Diese Leistungen sind freiwillig und bislang sind keine Initiativen zu erkennen, sie obligatorisch zu machen. Dennoch sind solche Formate der digitalen Selbstdokumentation eine fundamentale Figur der Gouvernemedialität der Gegenwart, die im Beitrag anhand von Beispielen zu den Körperfettpolitiken der Krankenkassen untersucht werden.
Pause
14. 00 – 15.00 Stephan Lanz (Frankfurt/Oder): Quartiersmanagement als Empowerment?

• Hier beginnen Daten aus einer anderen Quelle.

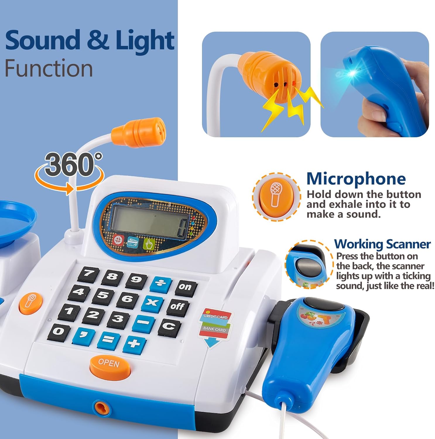 - 【Spielkasse Kinder mit Scanner und Sound】Das Scannen eines Gegenstands mit einem Scanner wird von einem roten Licht und einem tropfenden Geräusch begleitet, genau wie bei einem echten Scanner.

Die regierungsprogrammatische Konzeption des Quartiersmanagements zielt mithilfe einer Strategie des Empowerments darauf, Bewohner benachteiligter Stadtteils zu aktivieren und sie in die Lage zu versetzen, sich und ihren Stadtteil selbstverantwortlich, d.h. ohne staatliche Zuwendung zu regieren. Der Lokalstaat beauftragte hierfür privatwirtschaftlich agierende 'Quartiersmanager', um lokale Akteure zu vernetzen und Projekte zu entwickeln. Diese sollen den "Menschen im Quartier" dazu verhelfen, so das offizielle Regierungsdokument, "ihre Lebenssituation selbst zu verändern, ihre Möglichkeiten und Kompetenzen zu nutzen, um unabhängiger und selbständiger zu werden" (Senat 1999: 10). Aus der Perspektive staatlicher Apparate erzeugt dieses Sich-selbst-Regieren jedoch das Risiko, dass Werte und Normen zum Tragen kommen, die von der fortgeschritten liberalen politischen Rationalität abweichen. Dies gilt umso mehr, als der öffentliche Diskurs gerade in den betroffenen Stadtvierteln jene vorgeblichen "Parallelgesellschaften" nicht-integrierter Einwanderermilieus verortet, die sich von westlichen Werten der Stadtgemeinschaft abschotteten.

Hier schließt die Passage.